Diese Aussage finde ich sehr problematisch wenn nicht gar irreführend:
Es ist die Ortsmessung, die Interferenz verhindert ✓. Dass wir dabei in Erfahrung bringen, durch welchen der beiden Spalten das Elektron gegangen ist, widerspricht eigentlich der Quantentheorie, die besagt, dass sich ein Elektron bis zu einer Messung in Superposition, also an allen vom Wellenpaket zugelassenen Orten zugleich befindet. Obige Formulierung aber erweckt den Anschein, als könnten wir nachträglich bestimmen, durch welchen Spalt das Elektron gegangen ist, was Nonsense ist. Selbst wenn wir den Detektor sehr nahe an einem der Spalten zu plazieren, verbietet es die Quantentheorie - wollen wir konsequent sein - zu behaupten, das gemessene Elektron sei durch diesen Spalt gegangen; erst die Messung legt ja seinen Zustand (hier den Ort) rein zufällig fest, und nichts berechtigt uns dazu, anzunehmen, dass - wenn wir jetzt das Elektron am Ort x messen, es sich eine kurze Zeitspanne davor in der Nähe von x befinden musste.

Es war glaube ich Werner Heisenberg, der es schön formulierte:
"Es macht keinen Sinn, von der Bahn eines Elektrons zu sprechen."

Nach längerem vergeblichen Suchen habe ich endlich hier eine Widerlegung dieses weitverbreiteten "Nonsense" gefunden:

«Der Fehler steckt in unserer Ausgangsannahme.
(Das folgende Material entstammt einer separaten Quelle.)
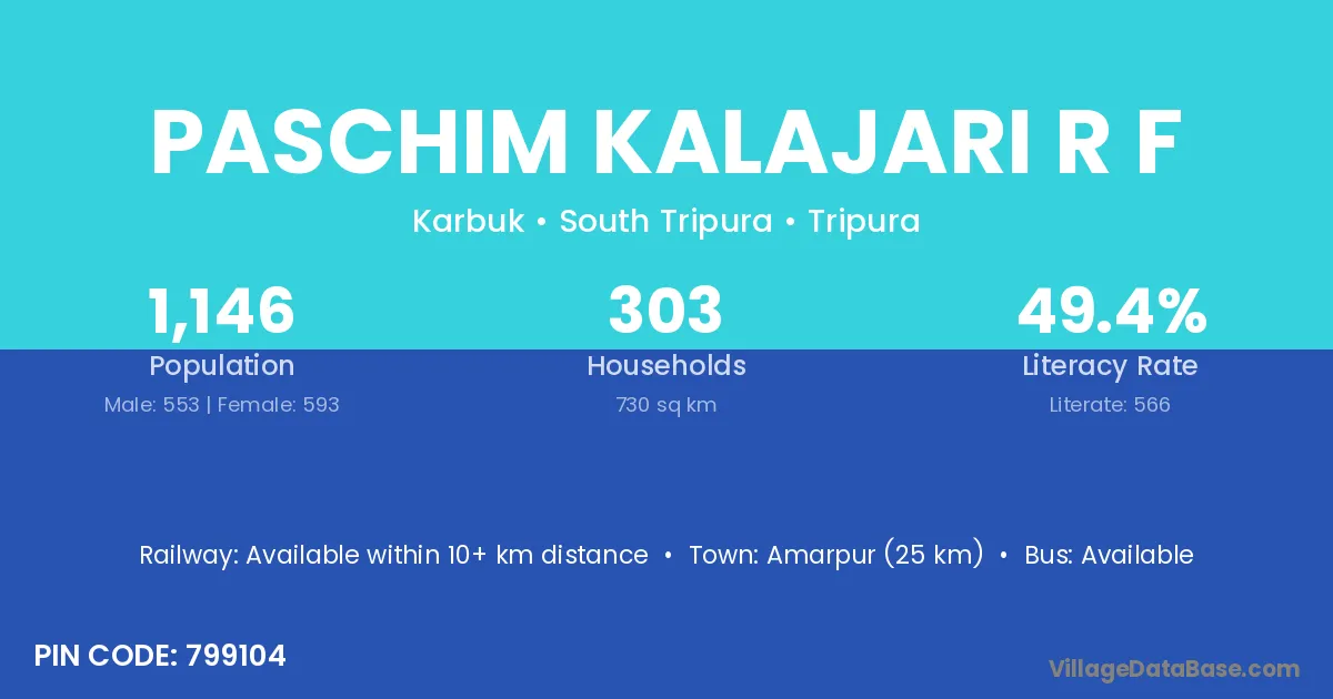 Paschim Kalajari R F village has a total population of 1,146 people, of which 553 are males and 593 are females.
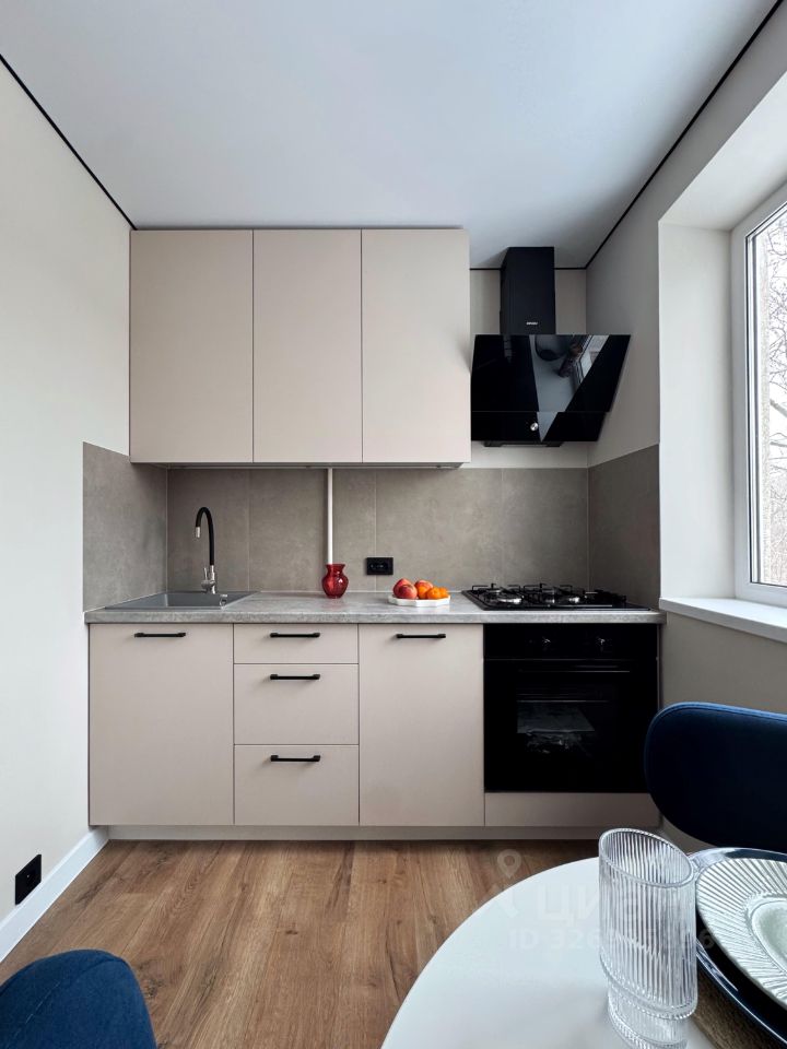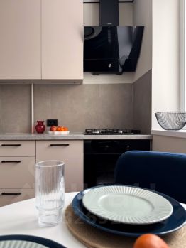 На кухне установлен кухонный гарнитур с новой встроенной техникой (электрический духовой шкаф, газовая варочная панель, вытяжка)
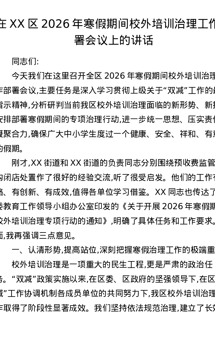 在XX区2026年寒假期间校外培训治理工作部署会议上的讲话
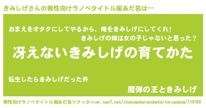 | ヒーロー風カッコイイあだ名 | 『慈愛の使者きみしげ』『仮面キミダー』 |

Wir vermuteten, dass jedes Elektron durch einen bestimmten, aber unbekannten Spalt geht. Andere Möglichkeiten als "links" oder "rechts" schien es nicht zu geben. In Anbetracht des Versuchsergebnisses ist diese Annahme nicht mehr haltbar. Man kann einem Elektron keinen Spalt zuordnen, durch den es "in Wirklichkeit" gegangen ist. Die Elektronen im Doppelspalt-Experiment besitzen die Eigenschaft "Ort" nicht.»
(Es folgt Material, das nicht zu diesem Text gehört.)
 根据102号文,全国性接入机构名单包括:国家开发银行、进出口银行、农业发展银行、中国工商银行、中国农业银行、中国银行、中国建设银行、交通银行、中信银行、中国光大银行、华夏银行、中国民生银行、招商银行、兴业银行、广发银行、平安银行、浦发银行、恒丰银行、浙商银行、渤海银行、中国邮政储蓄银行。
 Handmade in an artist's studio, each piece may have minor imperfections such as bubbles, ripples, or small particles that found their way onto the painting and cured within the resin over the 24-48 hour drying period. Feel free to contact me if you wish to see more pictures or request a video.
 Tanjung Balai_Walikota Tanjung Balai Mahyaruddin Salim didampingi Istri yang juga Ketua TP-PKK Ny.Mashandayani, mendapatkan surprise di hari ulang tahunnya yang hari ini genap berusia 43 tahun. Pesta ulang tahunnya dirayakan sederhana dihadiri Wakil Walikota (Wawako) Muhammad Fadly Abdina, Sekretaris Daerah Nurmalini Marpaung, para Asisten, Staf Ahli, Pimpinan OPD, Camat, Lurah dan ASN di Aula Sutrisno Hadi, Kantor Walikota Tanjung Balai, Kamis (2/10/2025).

aus "Qualitative Quantenphysik", Seite 25

Es ist die Ortsmessung, die Interferenz verhindert:
Um überhaupt miteinander interferieren zu können, müssen Wellen (jeglicher Art) kohärent sein, und für das Doppelspaltexperiment präpariert man die Elektronen so, dass sie eben diese Kohärenz aufweisen, oder man verwendet dazu Laserlicht, das auch kohärent ist. Und durch die Ortsmessung geht eben diese Kohärenz verloren, weshalb auch keine Interferenz entsteht.


Die beiden Wellen in der Abbildung sind kohärent zueinander. Sie besitzen die gleiche Frequenz und Amplitude. Ausserdem ist die Phasenverschiebung an jedem Punkt gleich gross, also konstant. Daher sind die beiden Wellen kohärent zueinander.